Computational Study of the Adsorption of Small Gas Molecules on Pillar[5]arenes

• Published in: ChemistrySelect (Weinheim) Vol. 8; no. 12
• Main Authors: Duy Ho, Quoc, Rauls, Eva
• Format: Journal Article
• Language: English
• Published: 28.03.2023
• Subjects: Ab initio calculations; Absorption; Nanostructures; Pi interactions; Supramolecular chemistry
• ISSN: 2365-6549; 2365-6549
• DOI: 10.1002/slct.202204215

The anthropogenic carbon dioxide (CO2) that is the main cause of the greenhouse effect has become subject to many studies of gas capture, storage, and separation. P[n]A‐based supramolecular organic frameworks (SOF) have emerged as a promising candidate for capturing and separation of CO2. Experimental studies show high adsorption rates and selectivity for CO2 over other gases such as methane (CH4) and nitrogen (N2). [Advanced Materials 26, 7027 (2014)] However, a full understanding of CO2 adsorption in P[n]A is still missing.
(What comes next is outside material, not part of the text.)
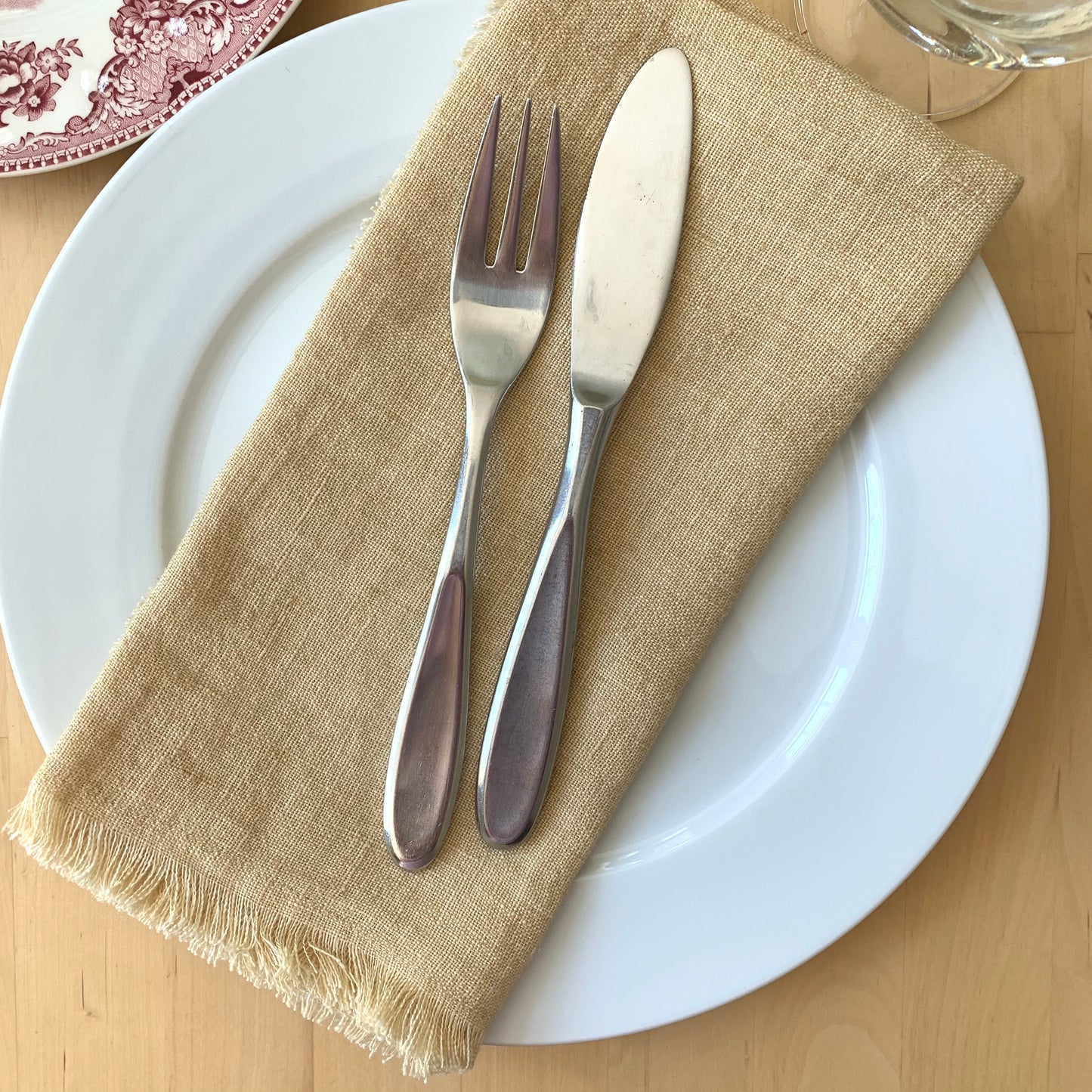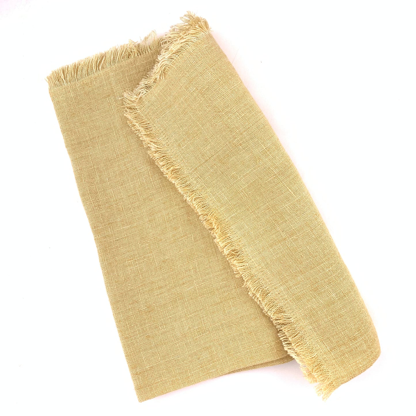 Each napkin features a soft, frayed edge and is 20 inches x 20 inches. Machine washable in cold water, air dry.

Using density functional theory (DFT) based calculations, we found that CO2 can be adsorbed by P[5]A in different positions. The most favorable adsorption position is within the cavity of P[5]A. The CO2 molecule adsorbs by forming hydrogen bonds or by π‐π interaction with the benzene rings of P[5]A. Also CH4 and N2 can be physisorbed by P[5]A, but with lower binding energies, which can be explained by the weaker quadrupole moments and polarizabilities of CH4 and N2. Our investigations are the basis for targeted design and optimization of a potential application of P[5]A in CO2 capture, storage, and separation. The adsorption of CO2 at P[5]A were studied by using DFT‐based methods. CO2 can be adsorbed by P[5]A at the cage cavity site and at a hydroxyl group. π‐π interactions and weak hydrogen bonds play the major role in the adsorption at the cavity site and OH groups, respectively. The DOS shows the physical adsorption of CO2 in P[5]A. The adsorption of CO2 in P[5]A is more favorable in comparison with CH4 and N2.